At the moment I am encouraging my congregation to read the whole of the 2nd Letter of Timothy. It’s a letter written by Paul to Timothy, from an older Christian to a younger one.

I think it helps to keep this image of the Trinity in mind as you read the letter.

Here it is explicitly from Chapter 1 of 2nd Timothy (with my commentary in italics):

v 2 ‘May God our Father and the Christ Jesus our Lord give you grace mercy and peace (spot the first and second person of the Trinity)

v 7 ‘For God has not given us a spirit of fear and timidity, but of power, love and self-discipline (Spot the third person of the Trinity)

v 9 ‘it is God who saved us and chose us to live a holy life (on the sunlounger!) He did this not because we deserved it (that a relief because we don’t), but because that was his plan long before the world began to show love and kindness to us through Christ Jesus.
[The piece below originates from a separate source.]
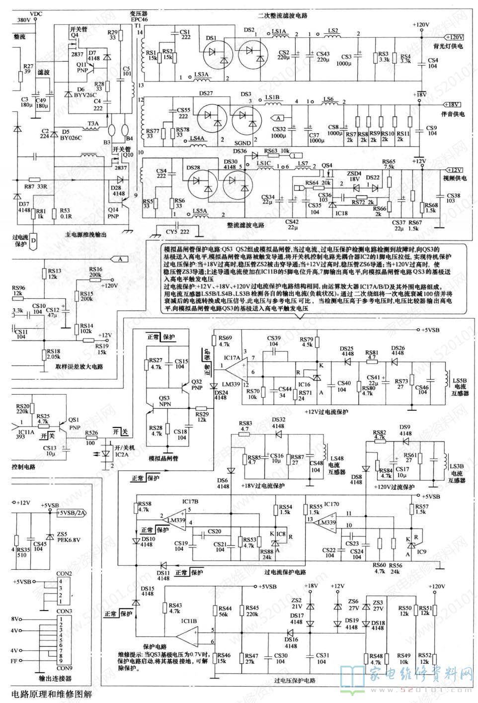 如果开机的瞬间主开关电源有电压输出,然后降到0V,则是保护电路启动引起。如果测量模拟晶闸管QS3的基极电压由正常时的0V变为0.7V以上,则是该保护电路启动。全部解除保护:将QS3的基极对地短路。逐路解除保护:逐个断开取样电路QS3基极之间的连接隔离二极管DS15、DS10、DS11,如果断开哪路保护检测电路的隔离二极管后,开机不再保护,则是该路保护检测电路引起的保护。TCL JSK4330-007电源板电路原理和维修图解如图3所示。

And now he has made all this plain (visible, in the way light makes things plain) to us by the coming of Christ Jesus, our Saviour, who broke the power of death and show us the way to everlasting life through the Good News’.

V 13, 14, ‘hold on the pattern of right teaching you learned from me (don’t lose sight of the big picture). And remember to live in the faith and love that you have in Christ Jesus (stay on the sun lounger!). With the help of the Holy Spirit who lives within us (you are not alone), carefully guard what has been entrusted to you (the truth that you are loved)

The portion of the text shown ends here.